しかし、アマゾンのAWS、グーグルのApps、マイクロソフトのazureなど、クラウドを基礎とした開発プラットフォームの存在が、無視することができないようになってきています。それをうまく活用することが、私たちのシステム開発ビジネスの生産性向上、付加価値増大に結びつくと感じられるようになってきました。
私たちのITビジネス、とりわけシステム開発受託ビジネスはというビジネスの収益構造を大きく変える要素と、考えるべきでしょう。かつて、私たちは銀行の勘定系オンラインをアセンブラー言語でコーディングしてきました。通信モニター、ファイル制御などのプログラムを、まさしく高速なレスポンスを確保すべく、また、ファイル容量の制約の範囲で収まるように書き込んだ時代がありました。

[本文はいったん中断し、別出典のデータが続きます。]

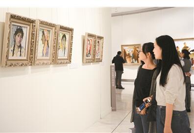 仔細(xì)觀察不難發(fā)現(xiàn),革命浪漫氣息處處彌漫在閻文喜的作品之中。觀眾呂女士告訴記者,通過(guò)他的作品,仿佛帶我們重溫那個(gè)時(shí)代的藝術(shù),可以感受到一段歷史的質(zhì)感。“從他的筆觸中,可以看到那段充滿激情的歷史,也將我們的記憶帶到那崢嶸歲月。”
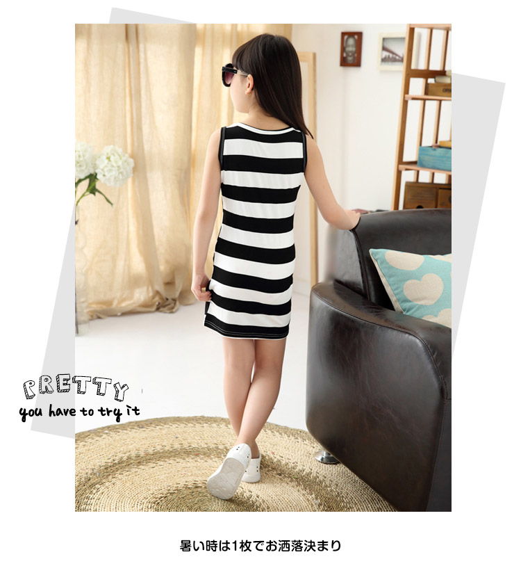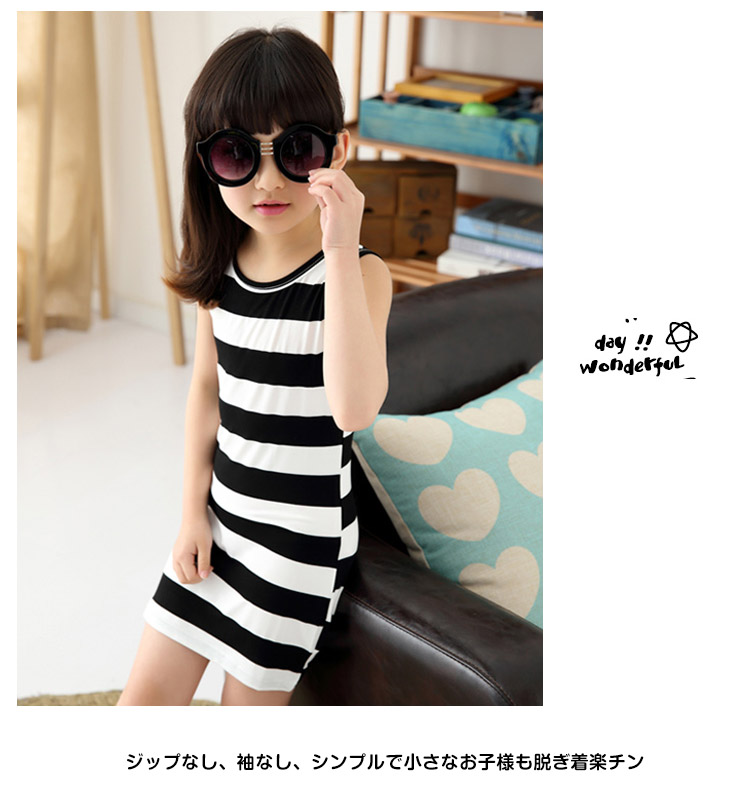 | シンプルでシーズンレスに着用できるタンクトップワンピース太めのボーダー柄が爽やかで清楚感バッチリ暑い時は1枚でお洒落決まり春秋はカーディガンやニットなどプラスして、重ね着スタイルも◎ジップなし、袖なし、シンプルで小さなお子様も脱ぎ着楽チン | |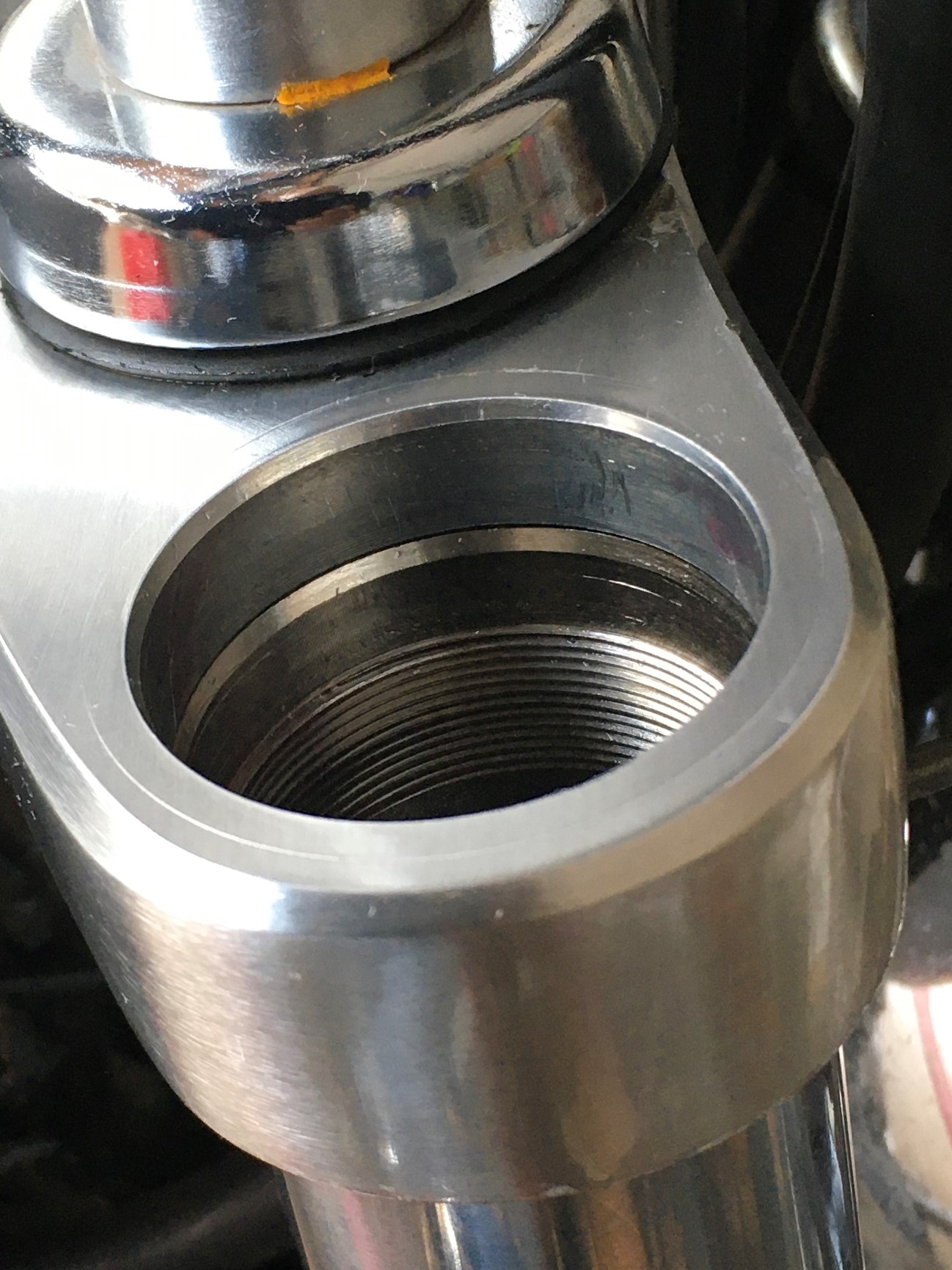There’s a step in the top triple tree, so if you are checking oil level with the forks on the motorcycle, you have to subtract 10mm from your readings.  For instance, if you measure the level at 120mm, its actually 110mm due to the step.  It’s also important to keep the dipstick centered in the fork tube.

思えばコンピュータの黎明期、1964年の東京オリンピックのために開発された成績集計システムが三井銀行のオンラインシステムで使われたといわれています。一見奇妙に見えますが、成績集計という業務アプリではなく遠隔地からデータを収集するオンライン制御プログラムを転用したのだと理解できます。それまでのバッチシステムというジョブ制御の仕組みを、トランザクション処理という新たなシステムに変える稼働したのだと理解できますし、データベースシステムの走りである排他制御を行うファイル制御プログラムだと推察できます。1970年代の銀行オンラインステム全盛の時代は、アセンブラー言語を駆使して、限られた資源で求める高速なレスポンスを実現してきました。しかし、その結果、このシステムを基礎とした開発管理、運用管理はおそらく、近年の銀行統合にも大きな影響を及ぼし、勘定系システムの統合、移行に際して、膨大な期間と工数、費用とリスクを要することになったことは明らかです。
おそらくは、開発環境、運用環境というプラットフォームの変更改善なしに、少しずつ、手直しを繰り返した結果であることが想像できます。新しいビジネスモデル、新サービス、に対応するシステム変更、容量増加に抜本的なプラットフォーム改築をしなかった「つけ」が来ていると、簡単にス増できます。新たに作り直す方がよほど効率的であったとおそらくは知っていても、判断できなかった組織の意思決定ガバナンスの問題があったと、判断することは容易です。プラットフォームの改革なしに、システムを使い続けることが企業にとって大きな損失につながるのだという壮大な実験をしてきたように見えます。
私たちは、この50年間の技術革新をとらえた開発環境、運用環境をすでに手にすることができています。プラットフォームの各レイヤーでの進化は、全体に影響を及ぼすことなく、その進化を取り入れています。全体最適を維持しながら、各レイヤの進化をとりいれ、改善することが可能になってきました。
かつてロックインが声高に叫ばれました。しかし、今や、DBMSであろうと、ERPであろうと、下手な小細工をしなければ、プログラムの大幅な変更なく、新しい環境に適合し、新たな経営戦略を支援できるようになりました。しかし、インターオペラビリティ、企業間の業務連携、そしてAPIで、異なるシステム間をつなぐことは今や、普通のことになってきました。
かつて、IBMコンピュータ、SAP R3など囲い込みを差別化の道具にしてきました。しかし、もはや遠い時代となりました。選択権が利用者に戻ってきたのです。ユーザーが多様なツールを選び、それらをプラットフォームとして開発運用する時代になりました。